[AIM OF THE EXERCISE]: Find the line below with "Aussenansicht Richtung Zürich" and the line with "蔡秀雅的賣火柴的小女孩畫作，獲得安徒生童話的獎項肯定。". Output exactly those lines and everything between them, leaving out the pictures.

[EXERCISE MATERIAL]:

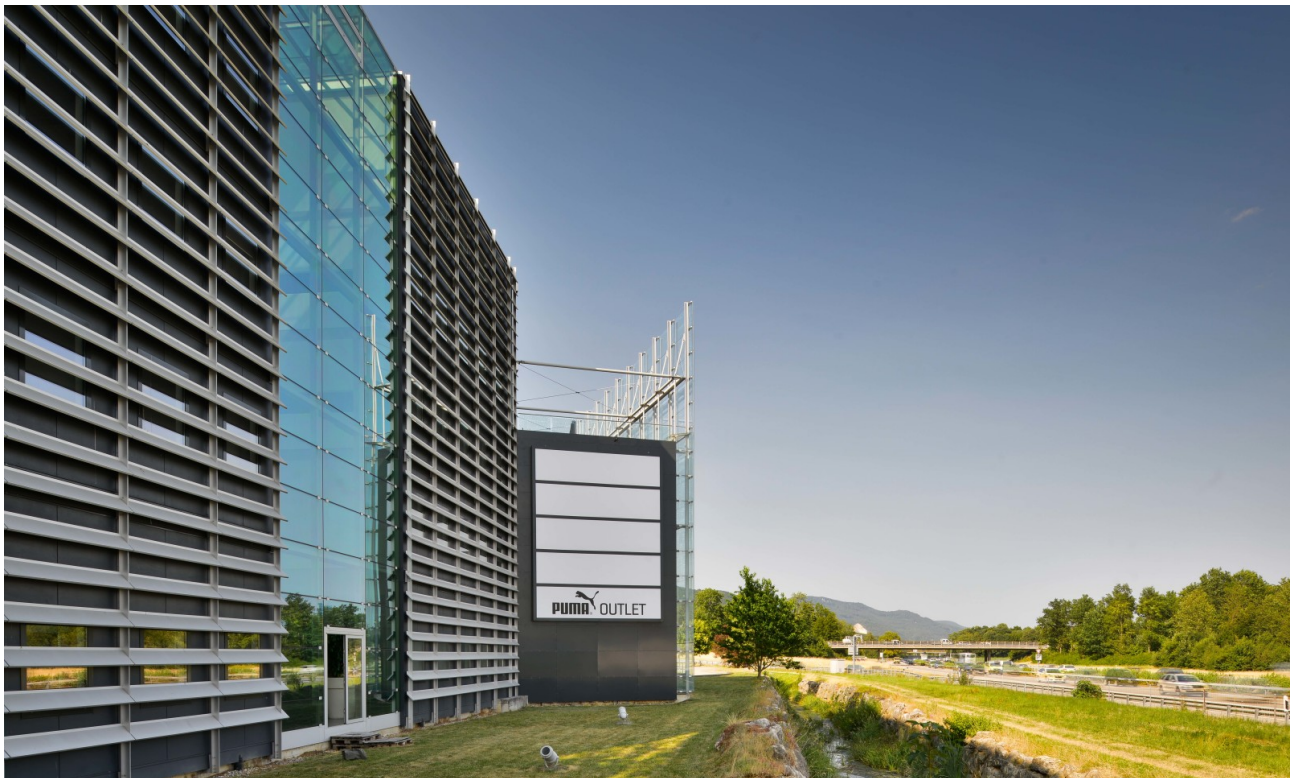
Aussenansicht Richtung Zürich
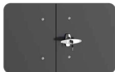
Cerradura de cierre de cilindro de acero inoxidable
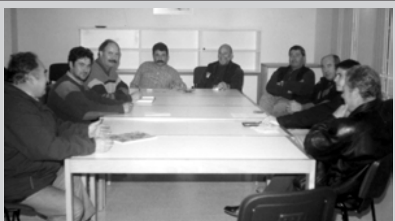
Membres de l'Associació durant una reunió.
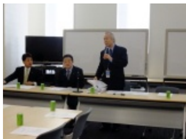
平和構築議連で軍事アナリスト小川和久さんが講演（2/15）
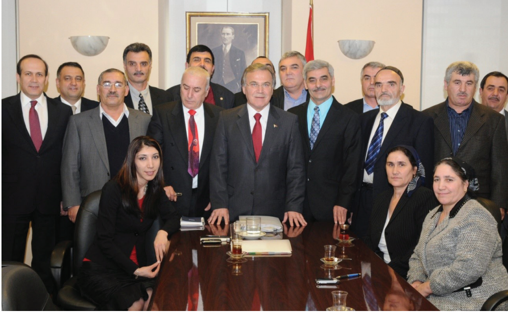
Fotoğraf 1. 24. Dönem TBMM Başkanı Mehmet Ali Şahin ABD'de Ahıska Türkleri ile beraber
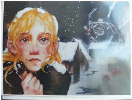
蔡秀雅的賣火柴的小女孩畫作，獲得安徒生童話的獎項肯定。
---
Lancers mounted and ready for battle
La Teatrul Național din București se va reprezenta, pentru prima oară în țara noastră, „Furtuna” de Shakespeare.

[TASK SOLUTION]:
Aussenansicht Richtung Zürich
Cerradura de cierre de cilindro de acero inoxidable
Membres de l'Associació durant una reunió.
平和構築議連で軍事アナリスト小川和久さんが講演（2/15）
Fotoğraf 1. 24. Dönem TBMM Başkanı Mehmet Ali Şahin ABD'de Ahıska Türkleri ile beraber
蔡秀雅的賣火柴的小女孩畫作，獲得安徒生童話的獎項肯定。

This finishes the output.